Natalia Anatolievna (Natasha) Artemieva (Артемьева Наталия Анатольевна, born 1959) is a Russian planetary scientist whose research involves the computer simulation of meteor impacts and the craters formed by them, especially for planets such as the Earth, Mars, and Jupiter where atmospheric effects play a significant role in the impact behavior. This line of research has also led her to the study of the Cretaceous–Paleogene boundary and the formation of suevite in meteor impacts. She is a senior researcher in the Institute of Geosphere Dynamics in Russia, and a senior researcher at the Planetary Science Institute in Arizona, US.

==Education and career==
Artemieva was born in Yekaterinburg in 1959. She studied at the Moscow Institute of Physics and Technology, finishing a degree there in 1982, and became a researcher for the Schmidt Institute of Physics of the Earth of the Academy of Sciences of the Soviet Union, from which the Institute of Geosphere Dynamics spun off in the 1990s.

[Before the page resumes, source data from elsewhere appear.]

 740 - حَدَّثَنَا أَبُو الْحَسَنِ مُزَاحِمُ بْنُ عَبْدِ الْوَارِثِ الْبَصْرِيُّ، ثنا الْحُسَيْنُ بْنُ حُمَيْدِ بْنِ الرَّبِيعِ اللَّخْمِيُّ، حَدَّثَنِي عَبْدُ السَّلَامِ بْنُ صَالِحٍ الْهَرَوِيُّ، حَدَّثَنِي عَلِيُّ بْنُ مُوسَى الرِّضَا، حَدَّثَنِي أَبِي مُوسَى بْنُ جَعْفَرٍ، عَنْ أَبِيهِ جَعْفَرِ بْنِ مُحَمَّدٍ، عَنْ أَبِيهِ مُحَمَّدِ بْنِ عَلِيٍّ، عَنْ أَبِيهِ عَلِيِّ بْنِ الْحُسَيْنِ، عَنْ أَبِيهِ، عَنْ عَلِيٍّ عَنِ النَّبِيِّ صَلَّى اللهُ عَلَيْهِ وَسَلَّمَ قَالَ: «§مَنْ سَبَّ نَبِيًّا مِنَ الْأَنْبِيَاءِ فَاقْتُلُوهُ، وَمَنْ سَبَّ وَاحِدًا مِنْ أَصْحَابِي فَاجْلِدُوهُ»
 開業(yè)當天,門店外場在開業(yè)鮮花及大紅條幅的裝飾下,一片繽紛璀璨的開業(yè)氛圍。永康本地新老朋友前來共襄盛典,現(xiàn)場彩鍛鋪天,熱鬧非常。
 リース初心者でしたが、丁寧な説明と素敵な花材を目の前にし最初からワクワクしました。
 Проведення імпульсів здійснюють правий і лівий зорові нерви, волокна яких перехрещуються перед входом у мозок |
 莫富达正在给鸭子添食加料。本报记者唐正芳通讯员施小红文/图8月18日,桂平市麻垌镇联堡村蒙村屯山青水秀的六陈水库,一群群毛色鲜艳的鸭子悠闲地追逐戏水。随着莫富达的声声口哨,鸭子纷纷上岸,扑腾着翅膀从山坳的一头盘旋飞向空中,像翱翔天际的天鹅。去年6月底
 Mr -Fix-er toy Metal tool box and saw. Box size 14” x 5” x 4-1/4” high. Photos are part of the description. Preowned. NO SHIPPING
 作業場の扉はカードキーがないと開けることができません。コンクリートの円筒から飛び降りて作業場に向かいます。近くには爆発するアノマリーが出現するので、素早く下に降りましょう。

Her interest in meteor impacts was sparked by the 1994 impact with Jupiter of Comet Shoemaker–Levy 9. This led her to develop SOVA, a code for modeling the hypersonic flows arising in meteor impacts. She defended a doctoral dissertation on her work in 1996, jointly supervised by Ivan Nemtchinov and Valery Shuvalov, through the Moscow Institute of Physics and Technology.

She started visiting the University of Arizona and the Planetary Science Institute in 2000, and in 2006 she became a senior researcher at the Planetary Science Institute.

==Recognition==
Artemieva was the 2012 recipient of the Peregrinus Prize of the Berlin-Brandenburg Academy of Sciences and Humanities, given biennially for outstanding achievements by scholars from eastern and southeastern Europe. She was the 2015 recipient of the Barringer Medal of The Meteoritical Society, given for outstanding research in impact cratering and impact phenomena.

Minor planet 11010 Artemieva, discovered in 1981 by Schelte J. Bus, was named for her.